Я сказала Тусе, что стихи эти в самом деле очень трогательные, но любовь к ним и к классической форме стиха не мешает мне любить пастернаковско-цветаевские бури и сложный, но психологически и поэтически достоверный синтаксис.
Туся ответила так:
– Видите ли, может быть, вы и правы, но для меня дело не столько в синтаксисе стиха, сколько в синтаксисе души. Тот синтаксис, тот строй души, который проявляется в стихах Бунина, мне гораздо ближе и милее. Спокойный, важный, строгий[2]
.– Мы все равно эту книгу не выпустим. Неудобно, знаете, чтобы на русских сказках стояла фамилия нерусская.
Туся угнетена, расстроена, философствует. А я просто в ярости, без всякой философии.
Туся подтвердила: «Я вас гораздо отчетливее слышу в статьях, предисловиях, письмах, чем в стихах, хотя в стихах вы откровеннее». «Мне ваши стихи нравятся не меньше, чем Ильиным, но Ильины от вас меньшего требуют».

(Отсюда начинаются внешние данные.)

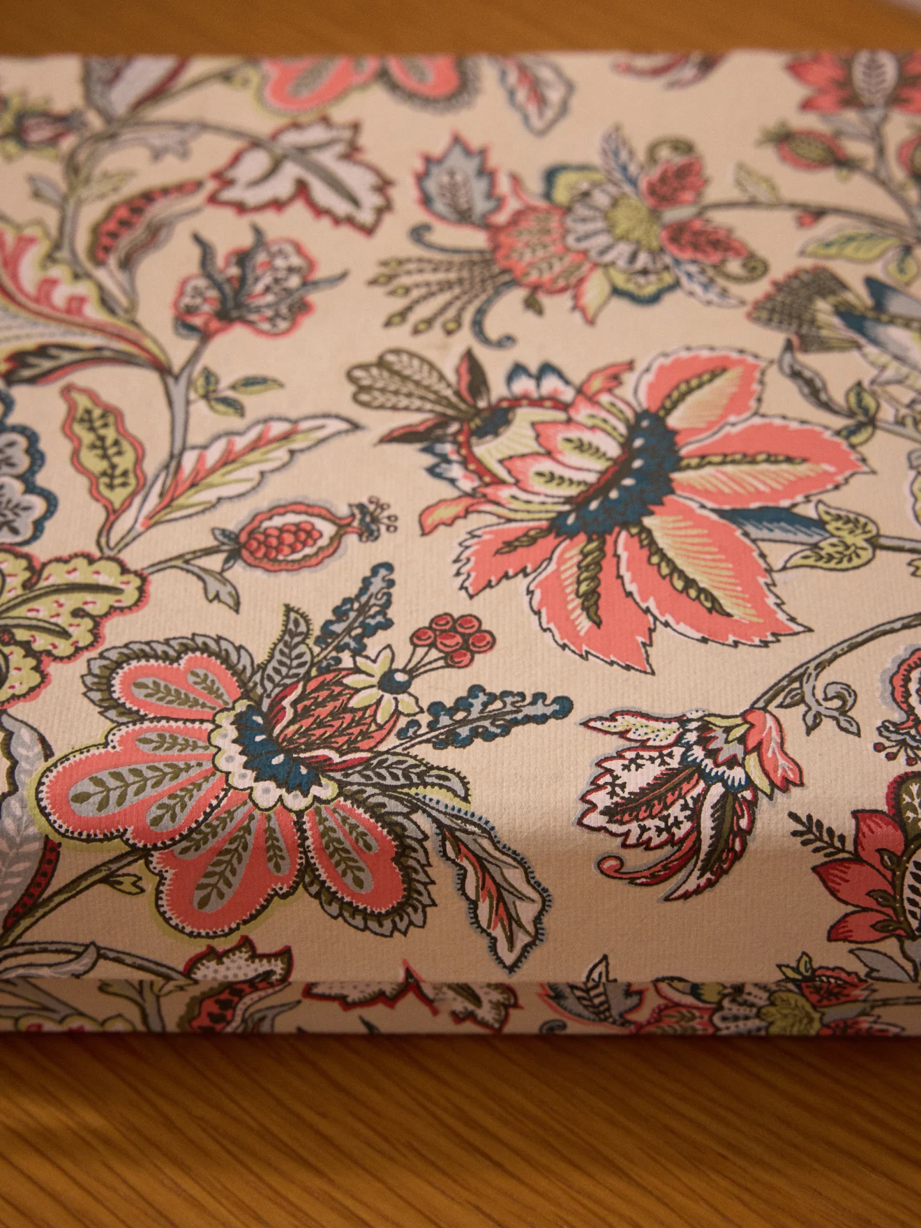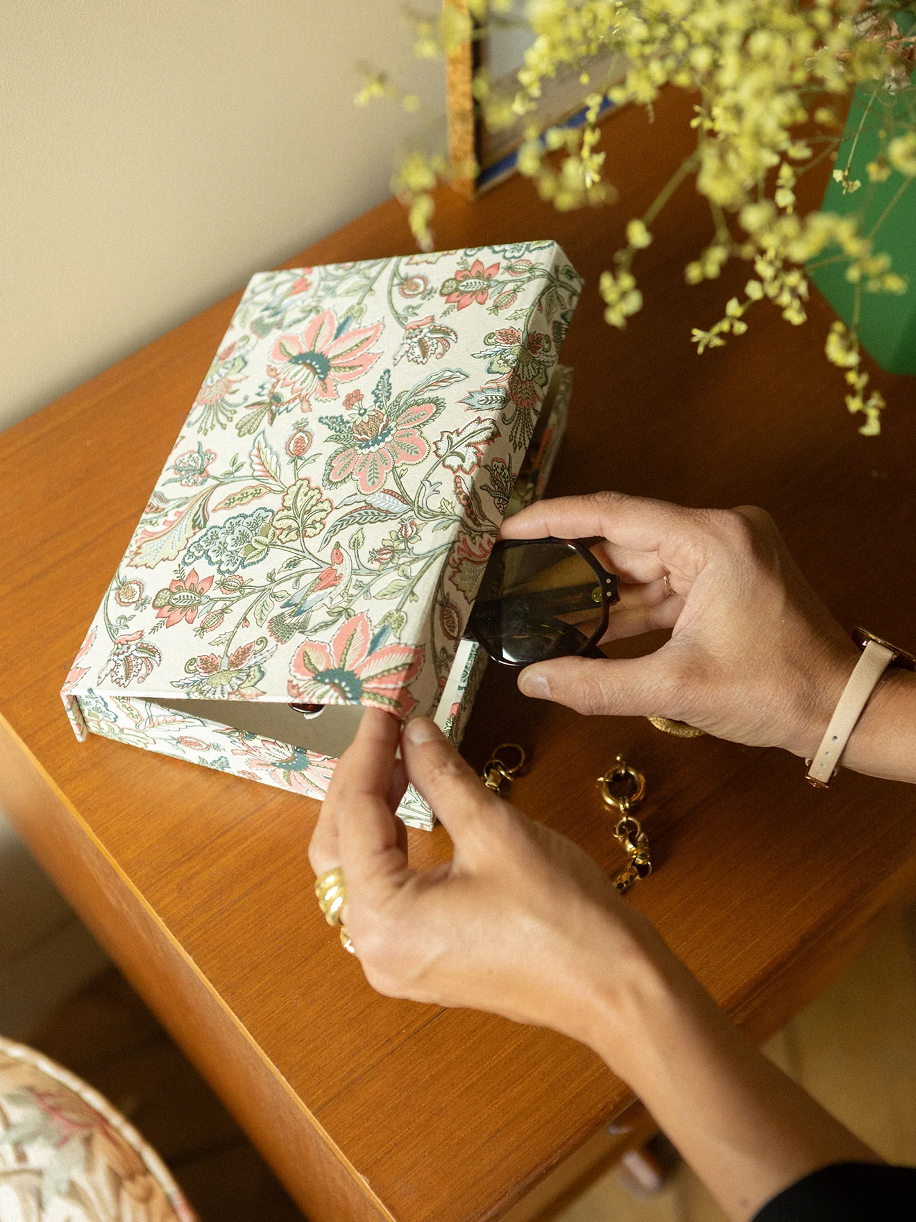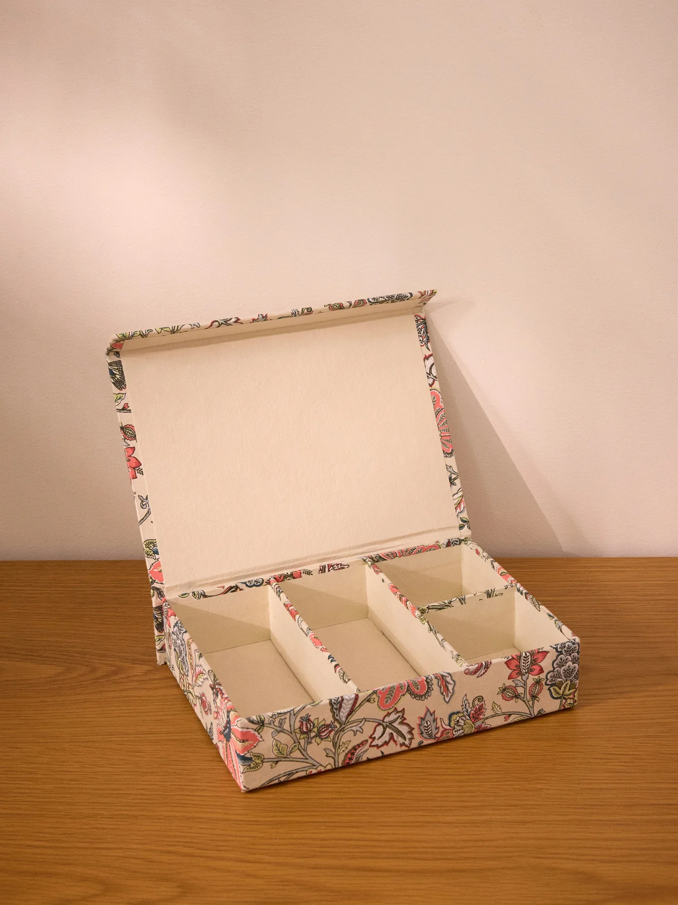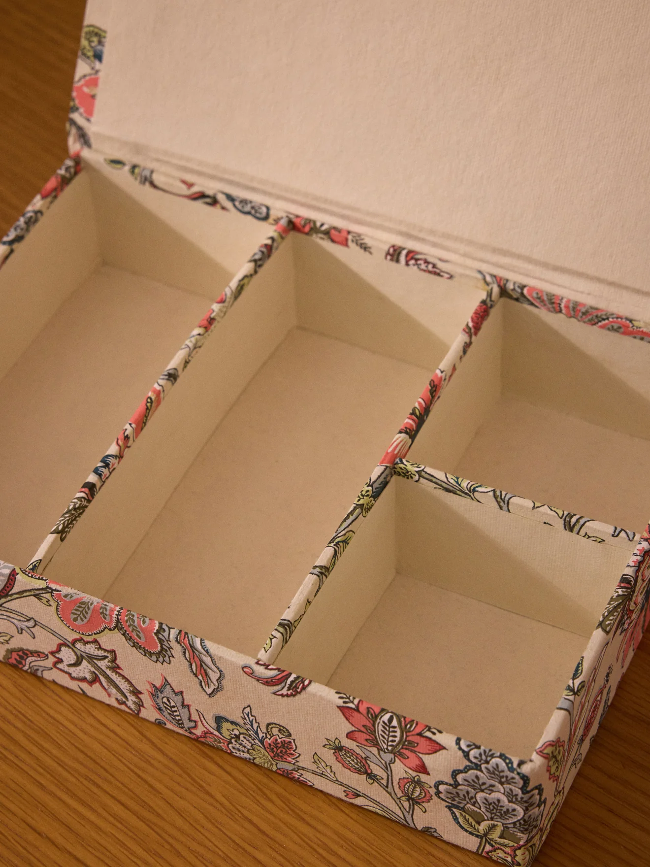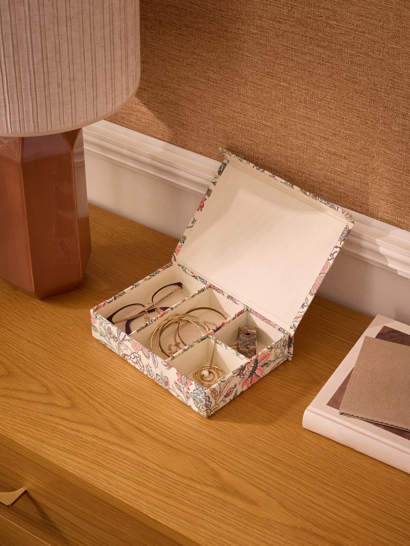 Boîte à bijoux compartimentée avec couvercle rabattable. Boîte en papier cartonné légèrement structuré, imprimé Augustine, fabriquée en Inde de façon artisanale. L’imprimé Augustine est un motif exclusif dessiné par notre équipe de style, il se décline également dans nos collections Linge de lit et Linge de table.
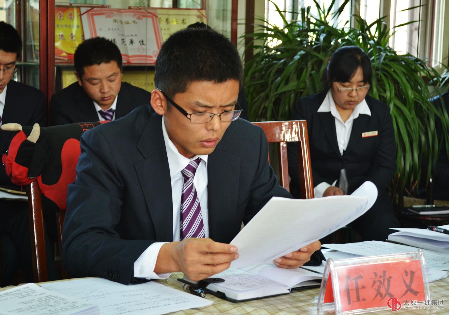 八、穆永茂宣读集团公司《二〇一四年质量管理工作安排》;九、生产经营科长商小民宣读集团公司《关于对二〇一三年成绩突出的单位和个人的表彰决定》。集团公司副总经理、经营公司经理李世雄对获得优秀员工的员工进行颁奖;
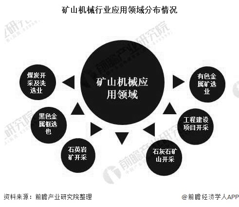 矿山机械行业主要下游市场需求方面,作为采矿和选矿的设备,矿山机械多应用于煤炭开采及洗选业、有色金属矿选业、黑色金属矿选业、石灰岩矿选业、石英岩矿选业和工程建设项目等领域,其主要应用是帮助煤炭、有所金属、钢铁、建材等工业部门进行矿山开采,同时还用于对上述行业所需原材料进行在加工和深加工,作为先进的技术设备,矿山机械还能为公路、铁路和水电等特大工程建设项目服务,为其施工提供方便。

Ну вот, это было дня три назад, а сегодня вечером она позвонила с таким сообщением:
– Я говорила с С. Я. о ваших стихах. Мне хочется понять, чего им не хватает, чтобы выразить вас вполне, чтобы они стали вполне вашими? С. Я. объяснил так: в этих стихах два элемента основные хороши – музыкальность, психология, т. е. ум и чувство, но нету третьего – актерского начала, необходимого в искусстве.
Откуда же ему взяться в стихах, если его нет во мне?

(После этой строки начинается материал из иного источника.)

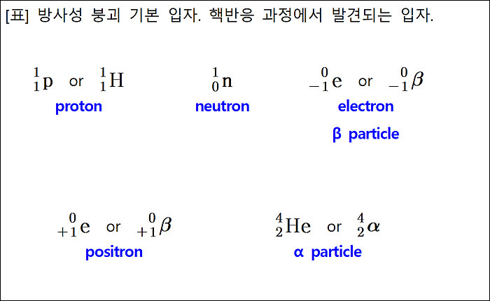 [표] 방사성 붕괴 기본 입자. 핵반응 과정에서 발견되는 입자
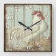 Rustic Vintage Country Rooster Kitchen Square Wall Clock
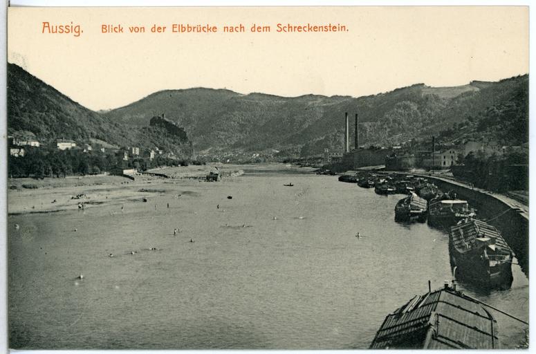 | Keywords: 14318-Aussig-1912-Blick von der Elbbrücke mit Schreckenstein-Brück & Sohn Kunstverlag.jpg Aussig; Blick von der Elbbrücke mit Schreckenstein Brück Sohn 14318 yes 1912 own Brück Sohn Kunstverlag Meißen cc-zero Střekov castle Elbe in Ústí nad Labem Baths in the Czech Republic Barges of the Czech Republic 1912 postcards of Ústí nad Labem Region 1912 postcards published by Brück Sohn Postcards of Ústí nad Labem published by Brück Sohn Images from Brück Sohn Uploaded with VicuñaUploader | ||||
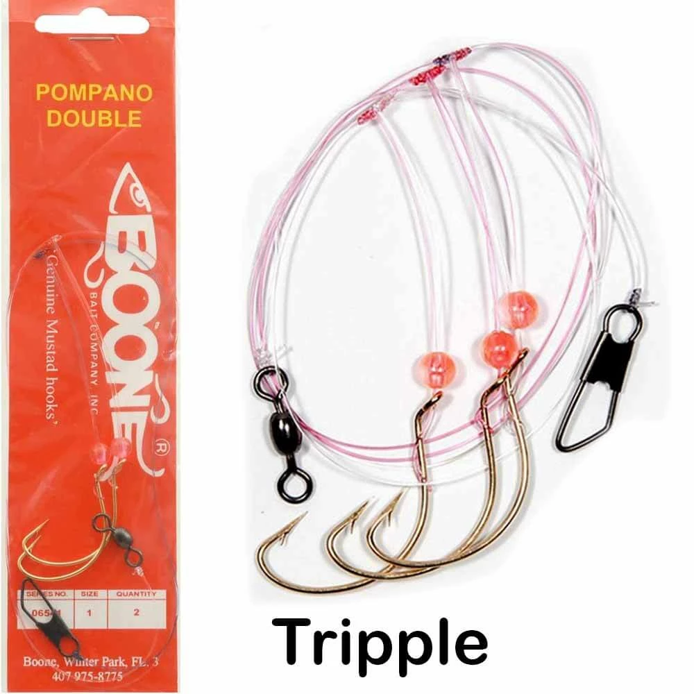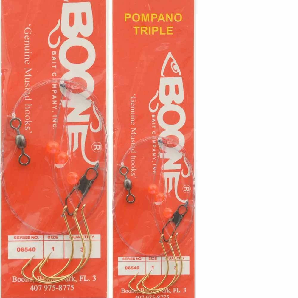 The Boone Pompano Triple 3 Drop Rig has a gold wide gap hooks, black swivel and snap to attach sinkers. Each rig has a red bead.
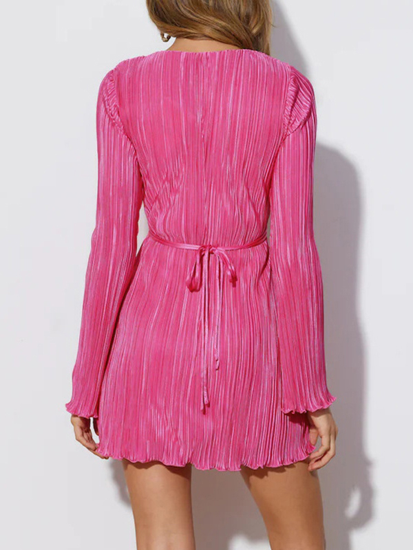Solid Tie Back Trumpet Sleeve Mini Dress

Вечером позвонила Тусе. Чтобы ее голосом заключить день.
Я часто думаю: кто из нас первый умрет? А вдруг не я?
Корзины были тяжелые, я еле шла, но мне помогал Тусин голос. Мы придумывали сценарий про школу, который хотели бы вместе написать. Туся придумывала как шла – легко.
В последний год она в тоске, в тоскливых мыслях о себе. Все мы так. И это, конечно, ни для кого из нас не новость, но когда очень уж хватает за горло – бежим друг к другу.
Вот она и пришла. Стала прямо, прислонясь спиной к книжному шкафу – она всегда стоит и прижимается к стене во время долгих наших разговоров.
– Я на днях бродила по улицам, – рассказывала Туся, – и мне очень легко, свободно дышалось и легко было идти. Но я подумала: если бы меня спросили, что сейчас со мной происходит, я ответила бы с совершеннейшей точностью: «Я умираю». Это не патетический возглас, не стон, не жалоба, это простое констатирование факта. Умирание в том, что у меня почти нет желаний и утрачены все связи с миром. Остались два-три человека, за которых мне больно, если им причиняют боль. Осталась память. Для жизни этого мало.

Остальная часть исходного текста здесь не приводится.